An attractive feature of our design is that it enabled us to examine the consequences of acute stress reactivity as it carried over into the subsequent cognitive task. This approach to investigating the stress-cognition relationship mimics many real-world situations (e.g., performing your job after a stressful meeting with your supervisor). A potential consequence of our design is that the categorization task, and not the stress test, was driving the stress response. It is unlikely, however, that the categorization task itself would induce arousal (i.e., an increase in heart rate) let alone a pattern of threat reactivity. For example, participants performing a categorization task in the absence of social evaluation demonstrated no appreciable cardiovascular reactivity from baseline (Blascovich et al., 1999). Furthermore, one could argue that because the II task was more difficult it was also more threatening. Importantly, however, we did not observe any differences in physiological reactivity between the two categorization tasks.

We elected to use a correlational design to investigate whether threat would predict increased cognitive performance. Now that this relationship has been demonstrated, future work could seek to manipulate threat vs. challenge patterns of physiological reactivity and examine the consequences for cognitive performance. It should be noted, however, that while contexts can be created that are more or less likely to elicit threat responses, individual variability in the stress response is likely to remain. For instance, even though we utilized a classic stressor known to activate the HPA axis (Kirschbaum et al., 1993), we still observed substantial variability in stress response. Future work will also manipulate the point at which participants experience the stressor. For example, would increased threat reactivity post-acquisition benefit performance during a delayed retention test (see Koessler, Engler, Riether, & Kissler, 2009 for a related approach in memory retrieval)?

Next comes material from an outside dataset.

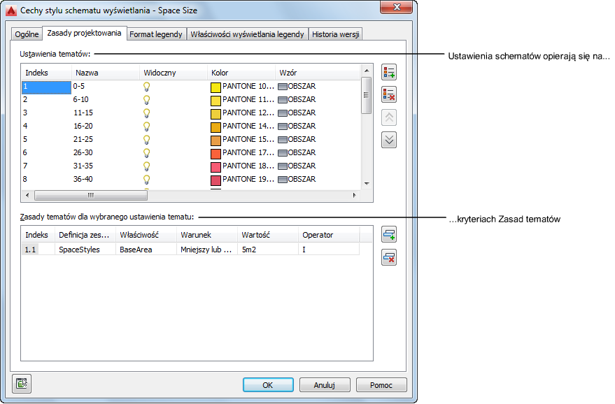 Styl schematów wyświetlania definiuje określony schemat wyświetlania uwzględniający dane niegraficzne na rysunku poprzez zaznaczenie obiektów, które spełniają określone kryteria. Typ zaznaczenia jest kontrolowany przez jedno lub więcej ustawień schematów, a każde z nich określa kolor wypełnienia, kreskowanie i rodzaj linii. Dla każdego ustawienia schematu istnieją dwie lub więcej zasady schematów, które określają, jakie obiekty będą zaznaczane przy użyciu tego ustawienia.

In sum, we report the novel finding that a maladaptive threat response predicts enhanced performance on a cognitive task. Importantly, our results suggest that it is critical to consider how individual differences in the nature of the stress response interact with the cognitive system mediating task performance. Studies focusing on variability in the nature of the stress response have found that threat is associated with impaired cognitive performance (e.g., Blascovich et al., 1999; Kassam et al., 2009). Studies focusing on variability in the cognitive system mediating task performance have found inconsistent effects of the impact of stress on different cognitive systems (Lupien et al., 2007). Although this literature does consider variability in the magnitude of the stressor (Sapolsky, 2004) or magnitude of the stress response (Lupien et al., 2007), there is little consideration of the nature of the stress response (i.e., challenge vs. threat). Indeed, individual differences in the stress response may help explain the inconsistent results across studies investigating the stress-cognition relationship. Importantly, this interdisciplinary approach opens up new avenues of investigation for both psychophysiologists and cognitive scientists interested in understanding the stress-cognition relationship.